Core Modules Structure Overview

The modules/core directory contains the foundational building blocks of this NixOS configuration. Unlike the desktop or program-specific configurations, these modules represent the essential, universally applied settings required to get a functional, secure, and modern NixOS system up and running.

Directory Context

  • Location: modules/core/
  • Entry Point: These modules are imported via the main modules/default.nix file.

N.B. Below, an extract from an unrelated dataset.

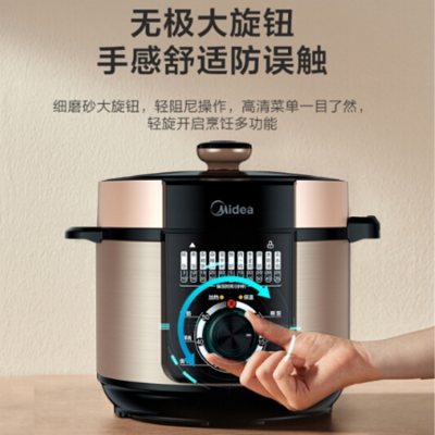 美的家用智能電高壓鍋細磨砂大旋鈕,輕松開啟烹飪多功能。

Each component is isolated into its own subdirectory (e.g., modules/core/boot/default.nix), keeping the configuration clean and strictly separated by concern.


Key Core Components

The core modules are responsible for establishing the base layer of the operating system. They can be conceptually grouped as follows:

System Initialization & Hardware

  • boot: Configures the bootloader (typically systemd-boot or grub), kernel parameters, and early boot settings.
  • hardware: Sets up core hardware enablement, including Bluetooth, OpenGL, and audio (Pipewire) configurations.
  • network: Configures networking infrastructure, typically enabling NetworkManager, firewalls, and discovery services like Avahi.
  • system: Manages universal system states like locale, timezone, Nix daemon settings (experimental features like flakes), and automatic garbage collection.

User Environment & Shell

  • users: Defines the primary user account, default shell, and necessary group memberships (e.g., wheel, networkmanager, video).
  • bash / fish: System-wide shell configurations and aliases.
  • starship: Cross-shell prompt configuration for a unified terminal experience.
  • fonts: Installs and configures essential system fonts, including Nerd Fonts required for icons in Waybar and the terminal.
  • xdg: Sets up XDG user directories (Documents, Downloads, etc.) and XDG Desktop Portals (crucial for Wayland screen sharing and flatpaks).

Display & Security

  • sddm: Configures the Simple Desktop Display Manager (SDDM) as the login screen, often including custom themes and avatars.
  • security: Implements necessary security policies like Polkit (for GUI privilege escalation) and PAM configurations (e.g., for swaylock).

Utilities & Services

  • packages: A curated list of strictly essential, system-wide packages (like git, wget, curl) that should be available regardless of the desktop environment.
  • services: Enables foundational daemons like udisks2 (for mounting drives), upower (for battery management), dbus, and gvfs.
  • nh: Configures nh (Nix Helper), providing a cleaner, faster alternative to standard nixos-rebuild commands.
  • printing: Enables CUPS for local and network printing support.
  • syncthing: Configures the Syncthing daemon for continuous file synchronization across devices.

Philosophy

The core directory enforces a modular philosophy:

  1. Separation of Concerns: If you want to change how networking is handled, you only need to look in core/network.
  2. Reusability: By decoupling these from the desktop environment (niri), you could theoretically swap out niri for GNOME or KDE while retaining the exact same base system configuration.